The Sangamon County Department of Public Health’s building on Springfield’s east side is on the brink of a multimillion-dollar renovation that could make services more accessible to residents.
“We hope it’s a $6 million project,” said Sangamon County Board Chair Andy Van Meter. “And we hope that we will be able to do it entirely with federal funds, but we are experiencing – as everyone else in the community is experiencing – that these construction projects are becoming more and more expensive. Our goal, which we have achieved to some extent, is to provide positive support services that the county offers that can be accessed by community residents in one place with easy parking and easy access.”
Sangamon County Department of Public Health Director John Ridley said Southern Illinois University plans to move its communicable disease department from the Springfield Memorial Hospital campus to the remodeled public health building. The department tracks and treats tuberculosis, sexually transmitted infections and other infectious diseases.
“It’s a collaborative way to really work together as a community and bring all those things into a nice package of services,” Ridley said.

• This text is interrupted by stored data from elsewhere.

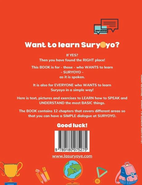 Want to learn Suryoyo?If yes? Then you've found the right place!This book is for - those - who want to learn- Suryoyo - as it is spoken.It is also for EVERYONE who wants to learnSuryoyo in a simple way!Here is text, pictures and exercises to learn how to speak and understand the most basic things.The book contains 12 chapters that covers different areas sothat you can have a simpler dialogue at Suryoyo.Good luck!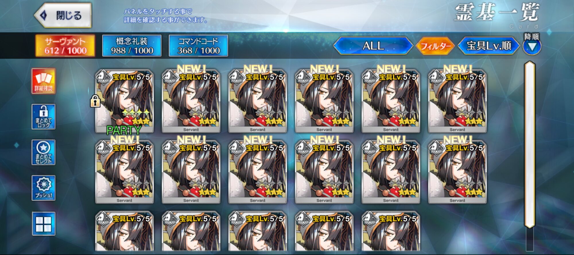 いいなぁ……うちのまっくろくろすけ、未だにあっちに合わせてるのか宝具2だよ……
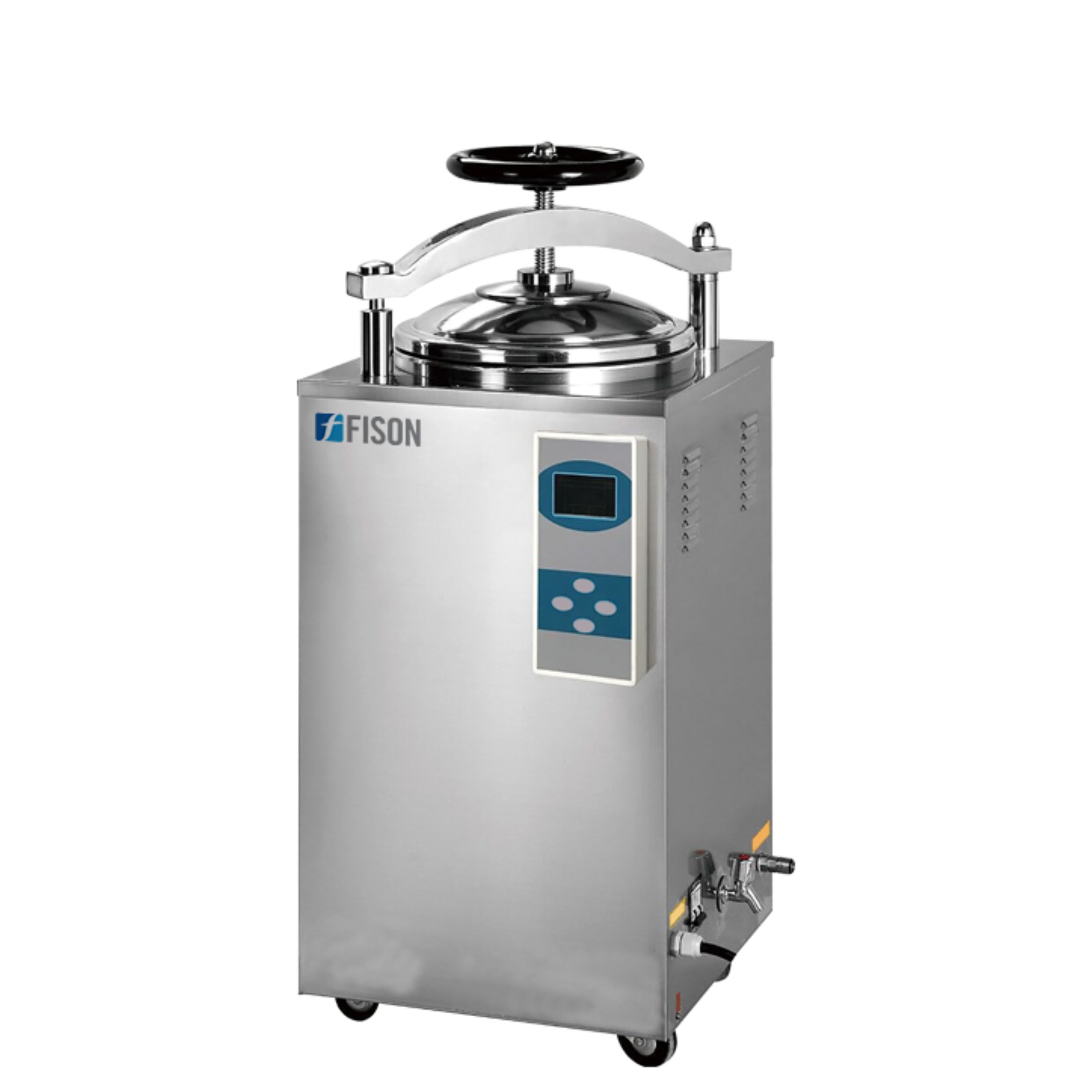 Fison Vertical Autoclave is a top-loading pressure steam sterilizer with a durable stainless steel design and a quick-open hand wheel door with a self-inflating seal. It features a 35L chamber, drying function, 134°C sterilization temperature, 0.22 MPa pressure and a digital LCD with a touch keypad. Reliable and compliant with international standards.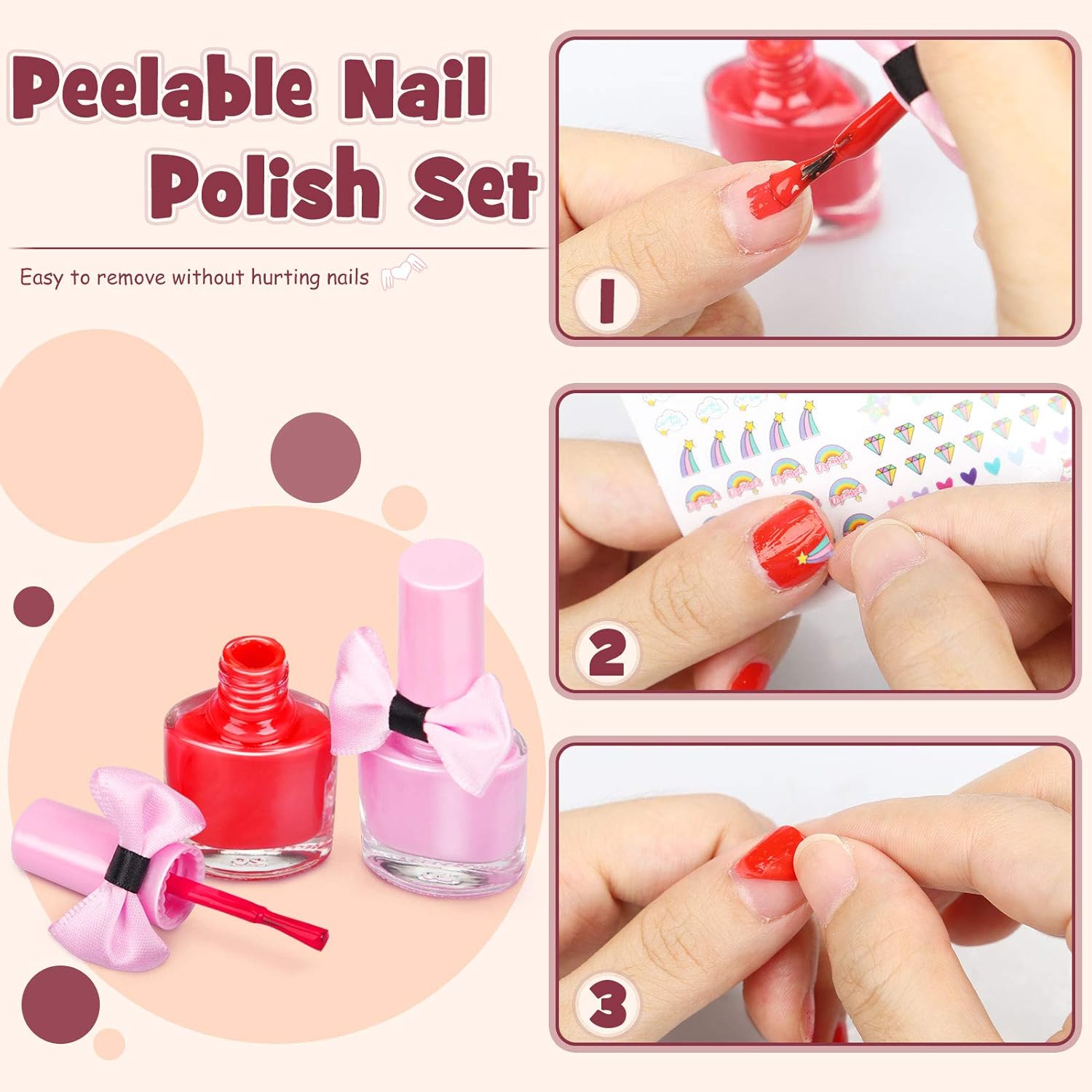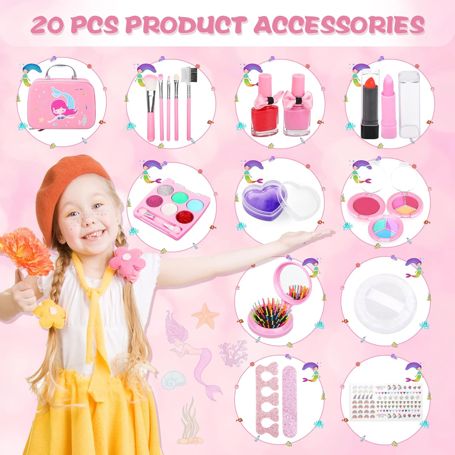 [Real Makeup Kit] Si consiglia di eseguire un test dell'orecchio posteriore nei bambini con pelle sensibile. [Set smalti per unghie] Include separatori per dita dei piedi e 2 smalti colorati per i bambini per trattare la decorazione delle unghie fai-da-te. Smalto a base d'acqua facile da rimuovere. [Non tossico e lavabile] Tutti i cosmetici sono lavabili e facili da rimuovere con acqua, non tossici, sicuri per i bambini. [Soddisfa la curiosità dei bambini] Intrattieni tuo figlio per ore, migliora le sue capacità pratiche e la percezione della bellezza. [Regalo di Natale] Ogni principessa sogna di possedere il suo kit per il trucco, il kit per il trucco lavabile è un regalo perfetto per tua figlia a Natale o al compleanno.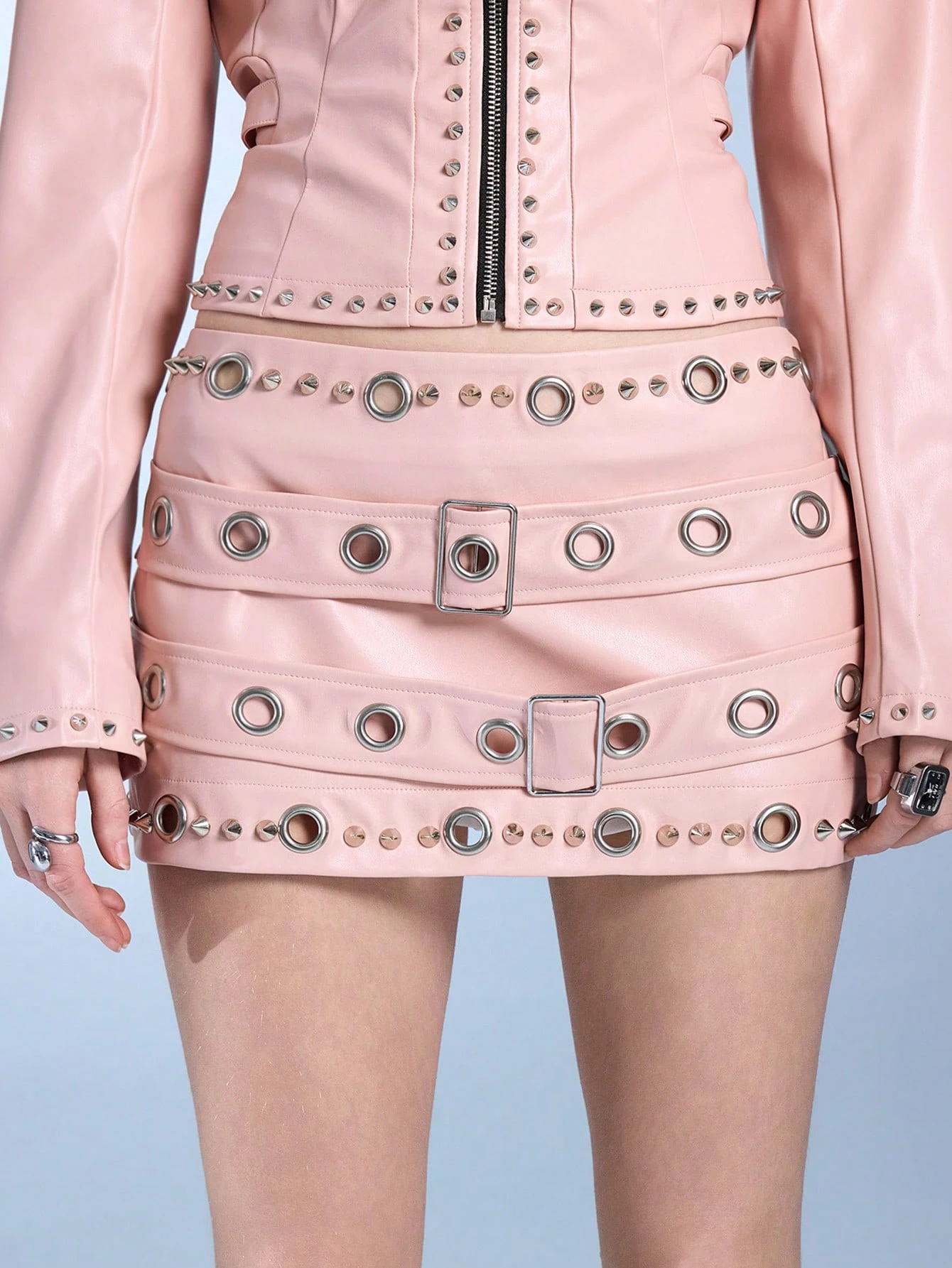 ROMWE Avant Jupe mini en PU à taille basse avec décoration de rivets, style rétro sexy et moulant

SIU officials declined to comment on the planned move.
Ridley said the remodel will also create larger offices for caseworkers handling the nutritional program Women Infants and Children, or WIC.

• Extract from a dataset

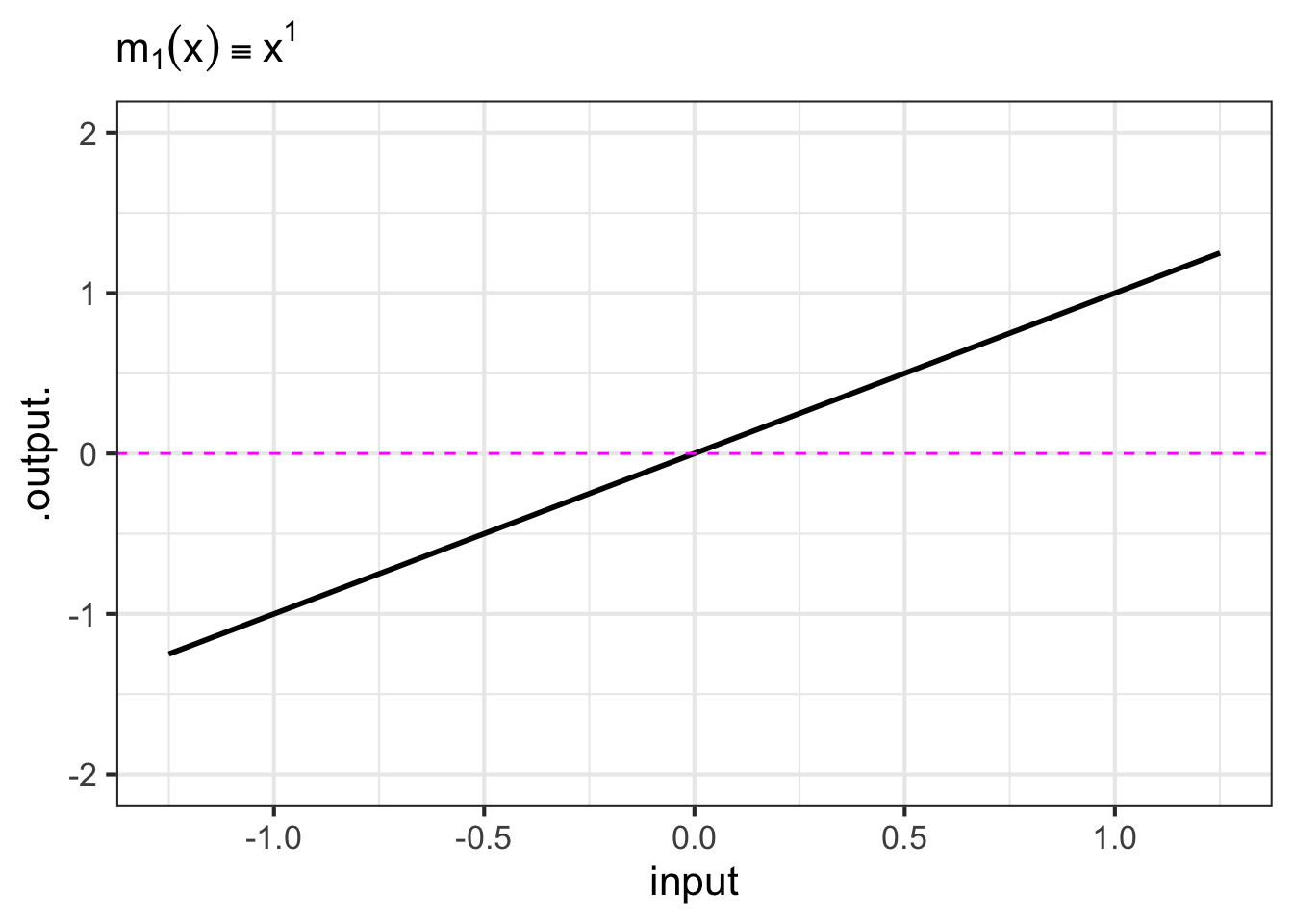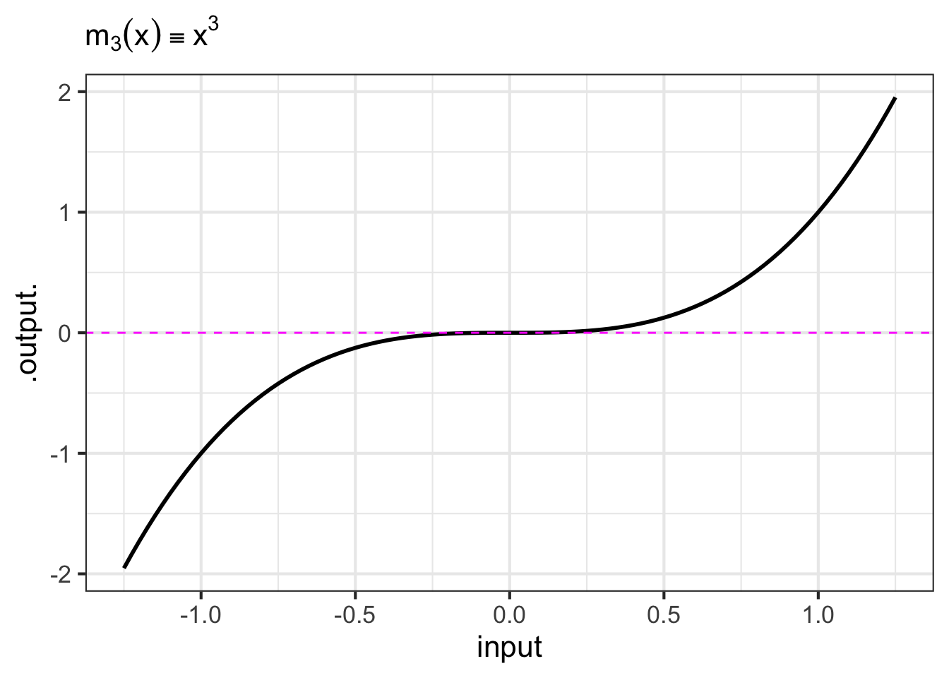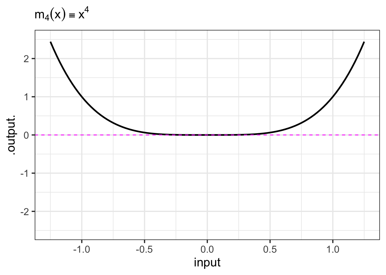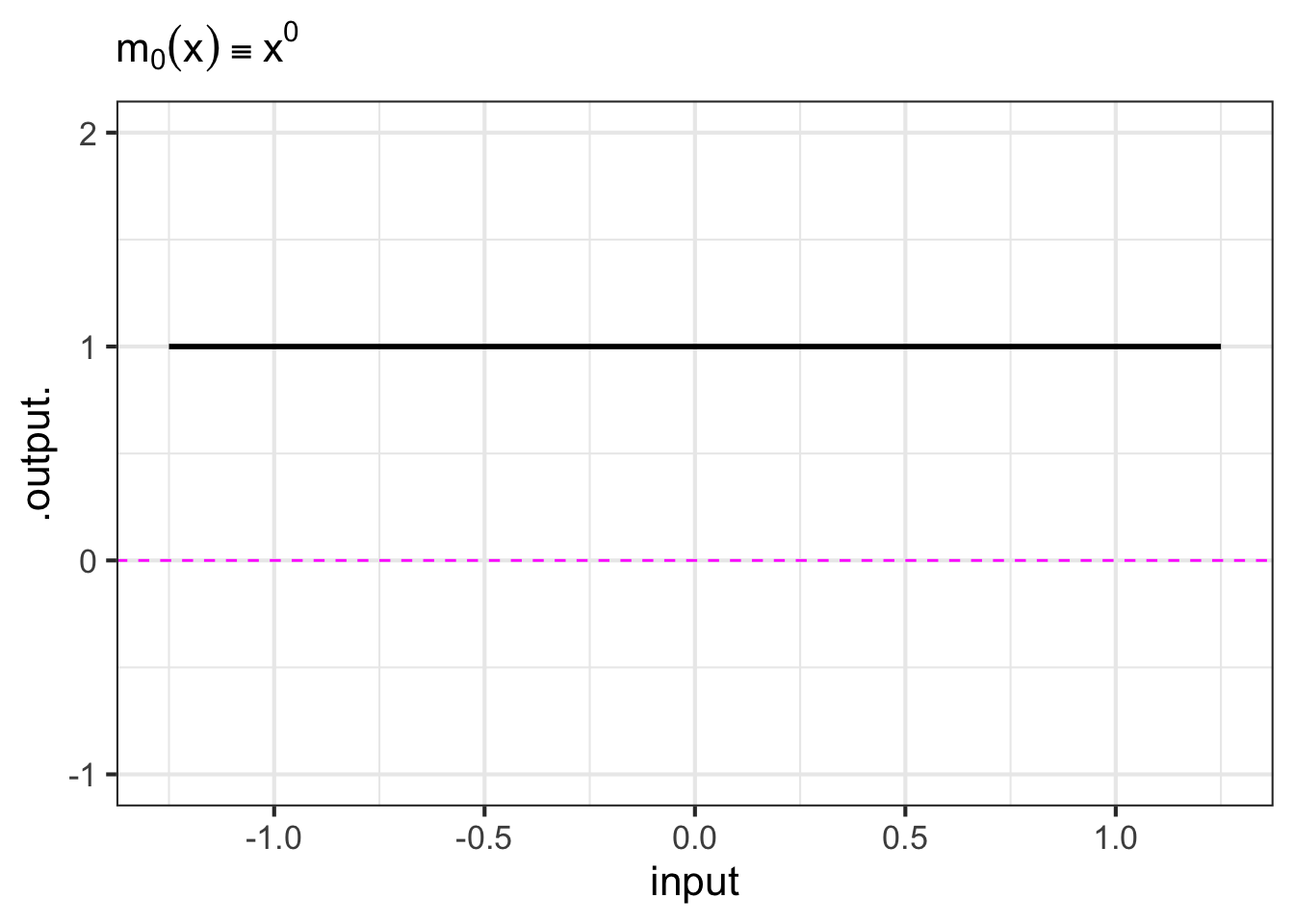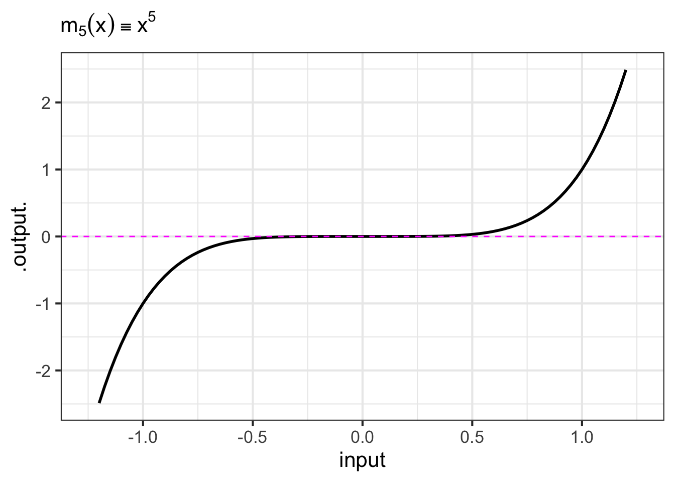 - The monomials. These are power-law functions such as \(m_0(x) \equiv x^0\), \(m_1(x) \equiv x^1\), \(m_2(x) \equiv x^2\), \(\ldots\), \(m_p(x) \equiv x^p\), \(\ldots\), where \(p\) is a whole number (i.e., a non-negative integer). Of course, \(m_0()\) is the same as the constant function, since \(x^0 = 1\). Likewise, \(m_1(x)\) is the same as the identity function since \(x^1 = x\). As for the rest, they have just two general shapes: both arms up for even powers of \(p\) (like in \(x^2\), a parabola); one arm up and the other down for odd powers of \(p\) (like in \(x^3\), a cubic). Indeed, you can see in Figure fig-monomial-graphs that \(x^4\) has a similar shape to \(x^2\) and that \(x^5\) is similar in shape to \(x^3\). For this reason, high-order monomials are rarely needed in practice.

“A prototypical case would be a mother with a young child and then maybe another child in the car seat, and they’re going into an office with one of our case managers that is maybe a 100-square-foot office,” he said. “And there’s just not enough room for everybody. What we’re doing is redesigning those office spaces to make them a little larger. So, when the parent is in there with the case manager, and they’re going through all of the documentation and information they need to get the kids and the family registered, there’s room for the children to be in another part of the room without getting in the way.”
Ridley said he also expects laboratories used by county nurses to be expanded, along with a conference room that will be moved and expanded.
“We’re going to move that conference room all the way up to the front and expand it a little bit so it can handle 100 people. It will be easier for other community groups and community members to use that space,” he said.
About $6 million in federal COVID relief funds will be used toward the project, Ridley said.
“It’s money we have that was allocated to us from the pandemic. There are deadlines in place to utilize those funds. And we’re trying to do that in the best way we can to give back to the community what they deserve,” he said.
The county has not yet put the project out for bids among area contractors. O’Shea Builders has been retained as the construction manager.
“That’s different from them actually coming in and doing the work,” Ridely said. “But they’re helping us through the construction management piece of it from a planning standpoint. … I’m in the middle of the design and development phase. So as soon as we can get a set of drawings finalized and and we can get everything within our budget, I would like to see things start in the second quarter of calendar year ’25,” Ridely said.
Van Meter said this may be just the beginning of the expansion of services at the County Health Department, which could happen in phases.
“The Capital Township General Assistance Office is there now,” he said. “What we’re hoping to add is a workforce training office, and we’ve been talking to the Veterans Assistance Commission about perhaps offering their services there so that veterans can receive benefits in the same location. Our goal is one-stop shopping for all of these services, and we’re hoping we can fit it all within one building.”